BIG BANG THEORY: MORE FRIENDS THAN SEINFELD

Friends and Seinfeld were the most successful comedies on television because they appealed to wide audiences. That may seem tautological: The fact that Big Bang Theory has now surpassed them indicates a cultural shift in America. The widespread acceptance of Big Bang Theory derives not just from the writing and acting, but from a general interest and appreciation for science.

To some extent, this is a measure of pretense. More people claim to watch PBS and listen to NPR than actually do because it is expected as a sign of culture, learning, and social standing—at least among some people. The ratings for BBT are more reliable than that. It remains that very few of the millions who enjoy the humor freeze the frames to read the white boards. True fans know that the erasable boards contain physics equations that underscore passing elements of the dialog. Sometimes they frame the running narrative. The show is funny and the characters are compelling without it.


(For four seasons, the show was supported by a scientific website, Big Blog Theory written by their science advisor, UCLA’s David Saltzberg.  The final post, which footnoted “The Raiders Minimization” (Season Seven, in fact), was November 10, 2013, here. David Salzberg interviewed by NPR here.)

It raises a deeper question about the nature of comedy in particular, and fiction and literature more generally. Friends was inclusive. It had a large cast of ordinary people from several overlapping urban micro-cultures. Seinfeld was point-of-view, observational humor, with Jerry Seinfeld as our lens, even as we glanced aside to share with George, Elaine, and Kramer.

We can identify with the characters because we know them, perhaps all too well. When I first brought BBT home from the library in 2009, Laurel could not watch even the first episode. It was too embarrassing because it was too much like the people she worked with at the University of Michigan. Personally, I just thought that it was because she has so much in common with Sheldon. The fact is that even those millions who do not see themselves in the characters – as with Friends and Seinfeld – know people like them, again, as with Friends and Seinfeld. The difference between then and now can be attributed to a sociological “tech effect.”   

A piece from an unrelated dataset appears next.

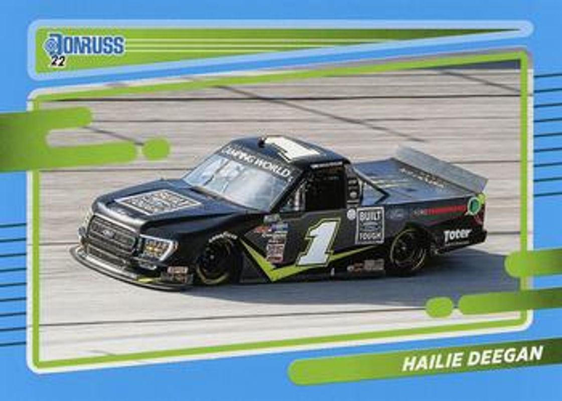 The Hailie Deegan 2022 Donruss NASCAR #45 Carolina Blue card is 1 of 93 Hailie Deegan's card variations in the 2022 Donruss NASCAR set being tracked by Sports Card Investor, including #132 Base, #45 Base, #85 Base, #85 Carolina Blue, and #132 Carolina Blue.

BBT is just one of many high-tech shows, such as the CSI franchise, N3MBERS, and Bones. Even NCIS is as much about Abbey, Duckie, and their labs, as it is about the marriages and marksmanship of Leroy Jethro Gibbs; and McGee graduated from MIT. The “tech effect” was the label given to the so-called “CSI Effect” in complaints from prosecutors that jurors were expecting sometimes ridiculous physical evidence, such as fingerprints lifted from grass. (See “The CSI Effect” earlier on this blog here  and “Junk Criminology as Pseudo-science” here.) Researchers Barak, Kim, and Shelton found that less educated jurors wanted "scientific" evidence. Educated people just trusted the prosecutor, worrisome as that is.

That nonetheless may reflect the wider “Flynn Effect” which posits that the general IQ is rising and that we are measurably smarter than we were 100 years ago. That being as it may, it is apparent to me that too many people still believe a lot of really stupid claims. It may be a slippery slope from speculation to mythology, from Star Trek to Star Wars, from Batman to Thor, from putting climate science and creation science in the same category.

A recent Pew Research poll on basic science may be disappointing because only 78% of 3278 randomly chosen Americans got 9 out of 12 right. You can take their quiz hereAnd read the analysis here.  However, as Wired writer Rhett Alain pointed out about a different quiz (here), these instant investigations ask not about scientific thinking but about the memorization of isolated facts. Alain was responding to a now-classic pop quiz given by Prof. Jon Miller of Michigan State University back in 2008 (see here and here ). One extension that Miller reported then was the fact that Americans tend to score slightly higher than Japanese or Europeans.